Protocol : for this analysis a three electrode cell was set up (see below). 20 mL of test electrolyte was poured in the glass cell. A magnetic stirrer was used in the linear sweep voltammetry experiments for measurement of ${Br}^{-}$ / ${Br}_{3}^{-}$ kinetics in the simulated positive half-cell samples. The simulated positive and negative electrolytes were prepared by adding different amounts of MEM and MEP to V(III) or V(IV) halide solutions that had been prepared by dissolving V2O3, or equimolar quantities of V2O3 and V2O5 powders respectively in 7.6 M HBr + 1.46 M HCl solutions. The amount of MEM and MEP added varied from 0 to 5 mL. Liquid bromine was added to simulate the charged positive half-cell electrolyte of the cell.

Source :

Evaluation of N-ethyl-N-methyl-morpholinium bromide and N-ethyl-N-methyl-pyrrolidinium bromide as bromine complexing agents in vanadium bromide redox flow batteries http://dx.doi.org/10.1016/j.electacta.2013.06.084

Effective hydrodynamic/Stokes radius in water at ambient temperatures :

$I_{3}^{-}$ : $\approx 0.22 nm$ : based on $D \approx 1.1 \times 10^{- 9} m^{2} s^{- 1}$ reported for aqueous triiodide.
${Br}_{3}^{-}$ : $\approx 0.21 nm$ : based on $D \approx 1.145 \times 10^{- 9} m^{2} s^{- 1}$ for tribromide in water.
${Br}_{5}^{-}$ : no reliable tabulated aqueous hydrated radius in the literature, but polybromides are larger/slower than ${Br}^{-}$ . Structurally, ${Br}_{5}^{-}$ is also less sphere-like and can appear as V-shaped or chain-like motifs, so a single “radius” is less well defined.
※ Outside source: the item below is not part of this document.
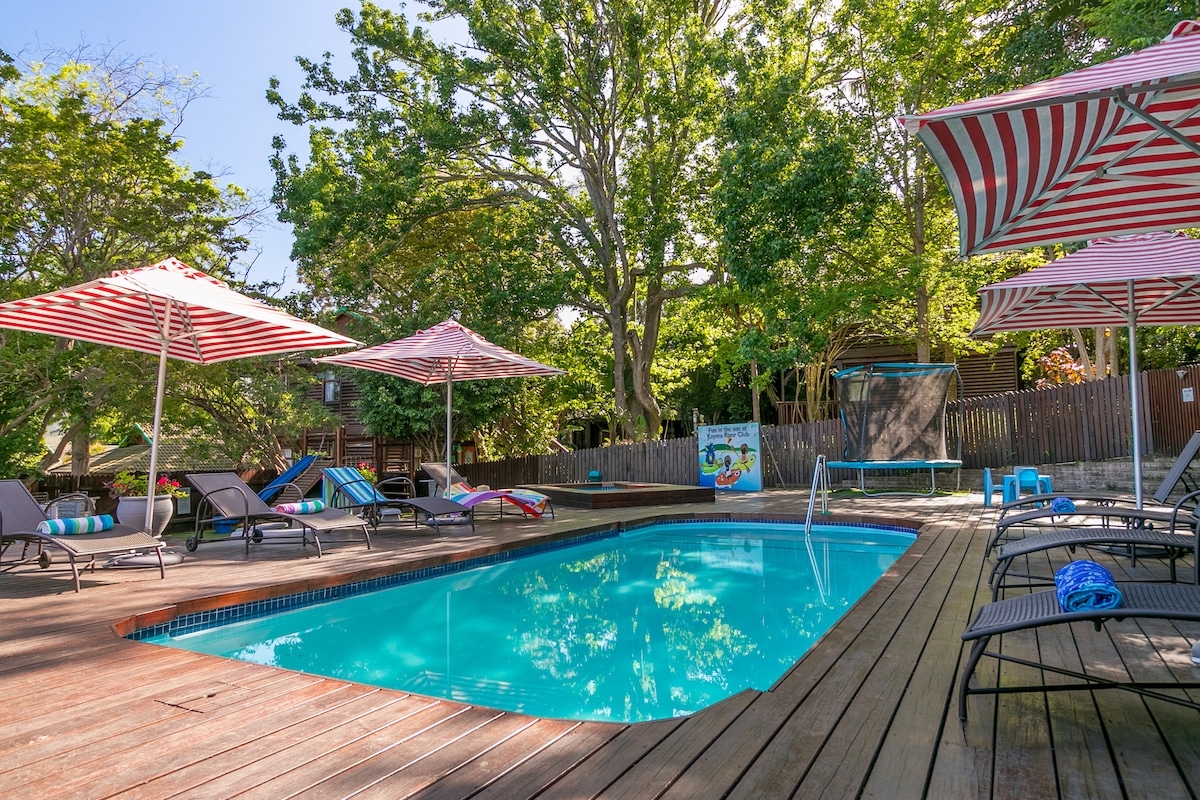 Привабливий будинок із двома спальнями, розташований на невеликому пляжі Thesens Island. Ідеально підходить для сімей з дітьми. Повністю обладнана кухня з посудомийною машиною та пральнею. У будинку є DSTV. Острови Тесен мають цілодобовий контроль доступу до безпеки. До набережної Knysna Quays і Thesen Harbour можна дістатися пішки. Острови Тесен - найпопулярніші місця для відпочинку на Садовому маршруті. Є вебер-браай і прямий вихід з патіо на невеликий пляж Тесен. У будинку є Wi-Fi.

Oil phase aqueous phase equilibrium

Due to the precipitation of ${MEPBr}_{3}$ into a molten salt phase, an bromine concentrations reach an equilibrium between phases. One study found that the measured bromine concentration of the aqueous phase at equilibrium for 0.25, 0.5, 0.75, 1, 1.25, 1.5, and 2 M initial bromine concentration was, respectively, 34, 39, 52, 77, 113, 177 and 375 mM.